The current studies also provide
the first glimpse of the fate of the COOH-terminal segment of SREBP-2
after the NH-terminal domain has been released by the
sterol-regulated protease. The data suggest that this fragment remains
attached to membranes as an integral protein. When sterols are added,
most of the COOH-terminal fragment is degraded within 2 h, but a small
amount remains detectable for as long as 6 h. We do not know whether
this represents a slowly degraded pool or whether it represents a small
amount of COOH-terminal fragment that is continuously produced, even in
the presence of sterols.
Although the current study defines the orientation of the two transmembrane segments and the lumenal loop, the data do not make any statement about the mechanism by which more distal elements of the COOH-terminal segment interact with the membrane. This region has some affinity for membranes since a fraction of SREBP-2 remains associated with membranes even when the transmembrane segments are deleted(3) . Inspection of the hydrophobicity plots in Fig. 1reveals several moderately hydrophobic sequences in the COOH-terminal region. However, none of these is long enough nor of sufficient hydrophobicity to meet the criteria (16) of true transmembrane segments. It is possible that some of these segments dip into the lipid bilayer, but we do not believe that any of them span the membrane.

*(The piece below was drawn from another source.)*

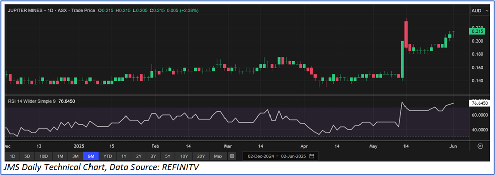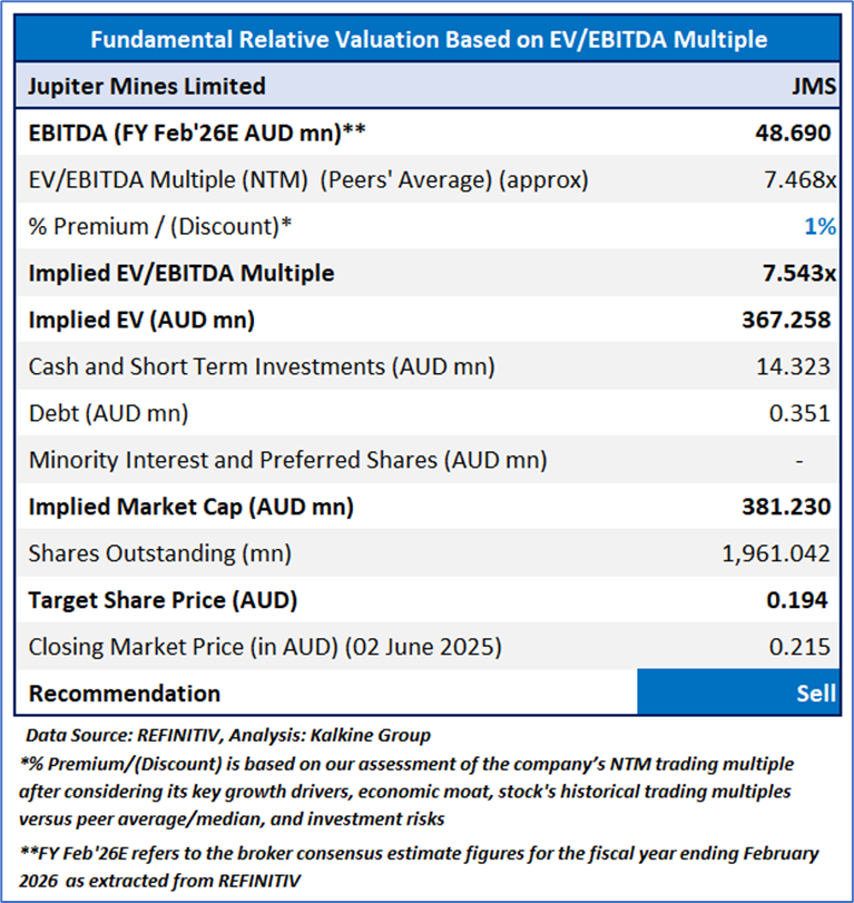 Given its current trading levels, recent rally in the share price, and risks associated, it is prudent to sell the stock at the current levels. Hence, a ‘Sell’ recommendation is given on the stock at the closing market price of AUD 0.215, up ~2.38%, as of 2 June 2025.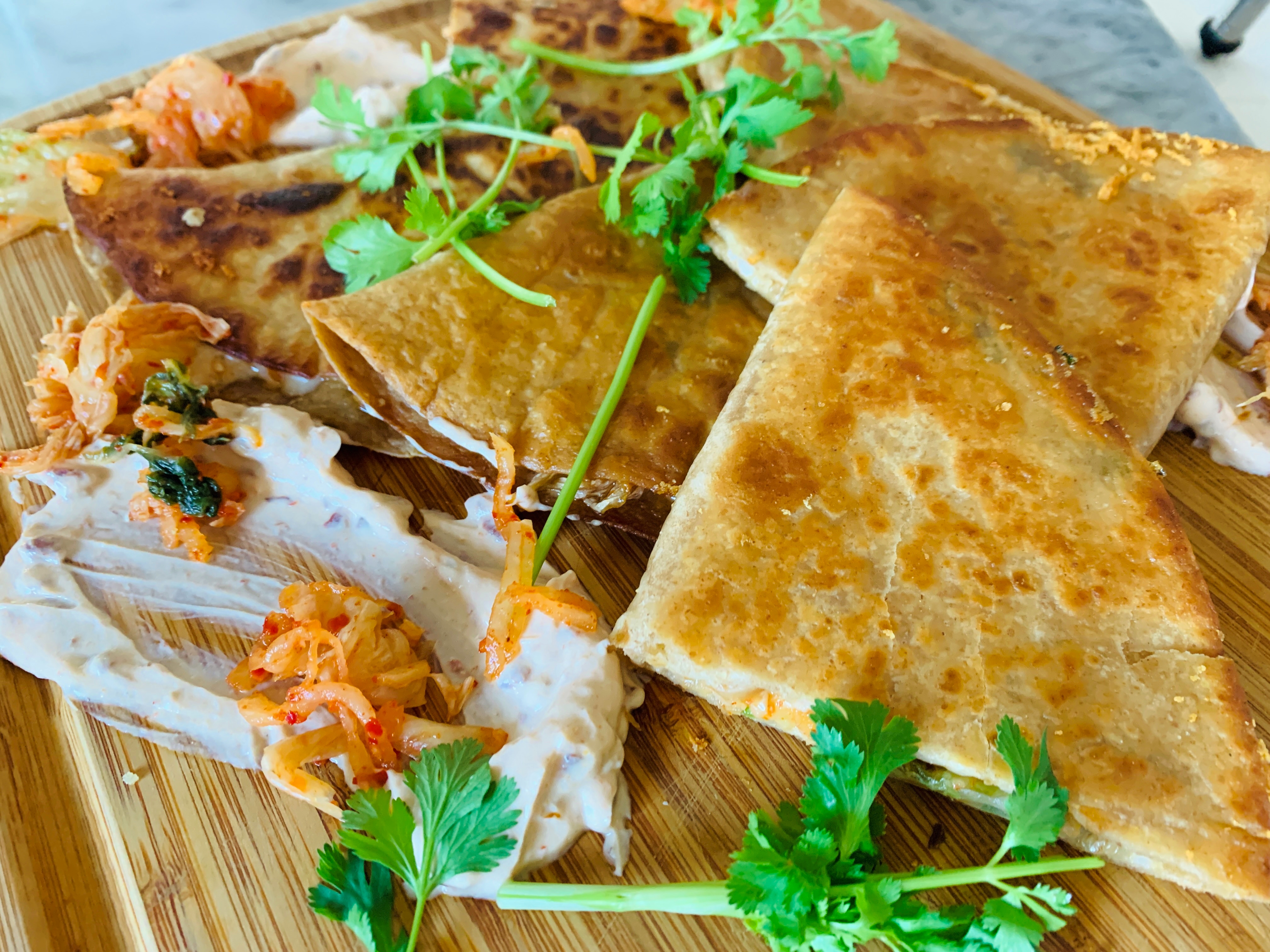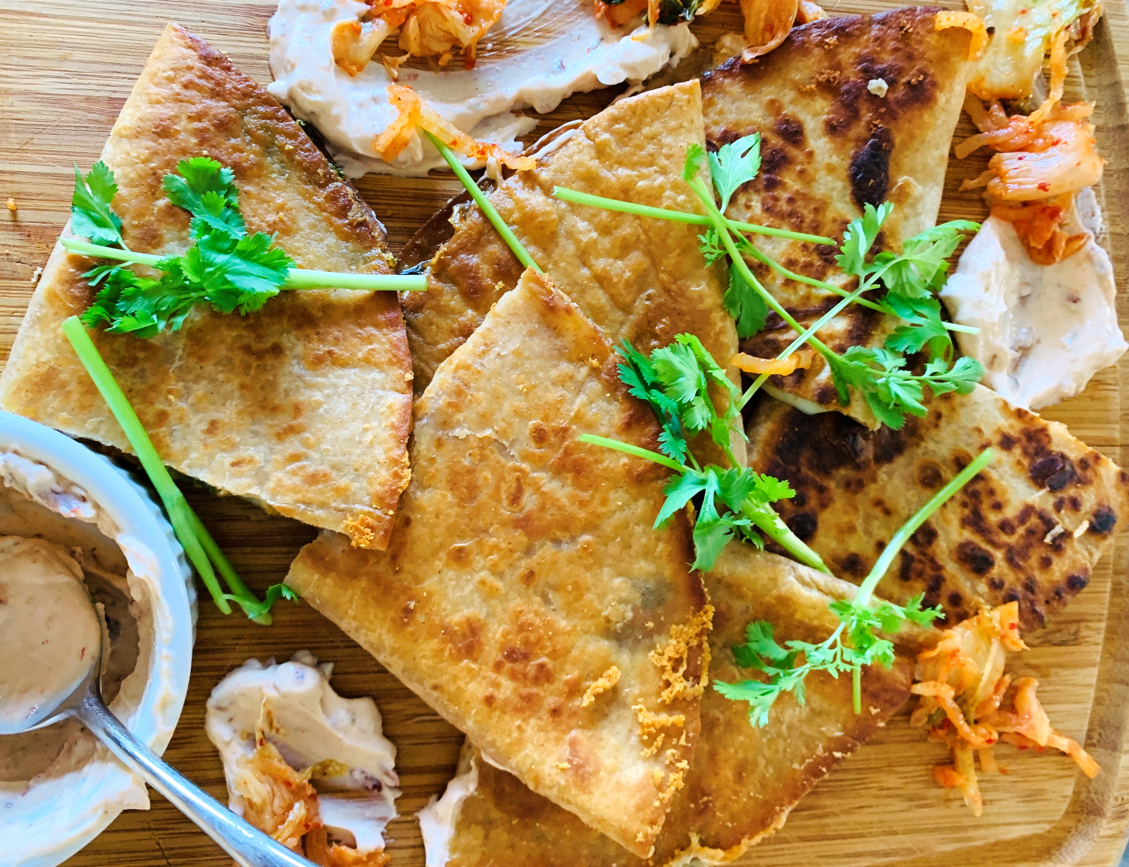 - Slice warm quesadillas in half and layer on serving board or platter. Mix together yogurt, lime juice and minced chipotle. Spoon around edges of board and top with remaining cilantro and kimchi. Serve warm and Enjoy!

Although all of the current experiments were performed with SREBP-2, we believe that the results apply to SREBP-1, since the hydrophobicity profiles of the two proteins are nearly identical (Fig. 1) and because proteolysis of the two proteins is regulated in parallel(4, 5, 12) . Knowledge of the membrane orientation of these proteins is essential if we are to understand the site at which they are cleaved by the sterol-regulated protease and the mechanism of its regulation.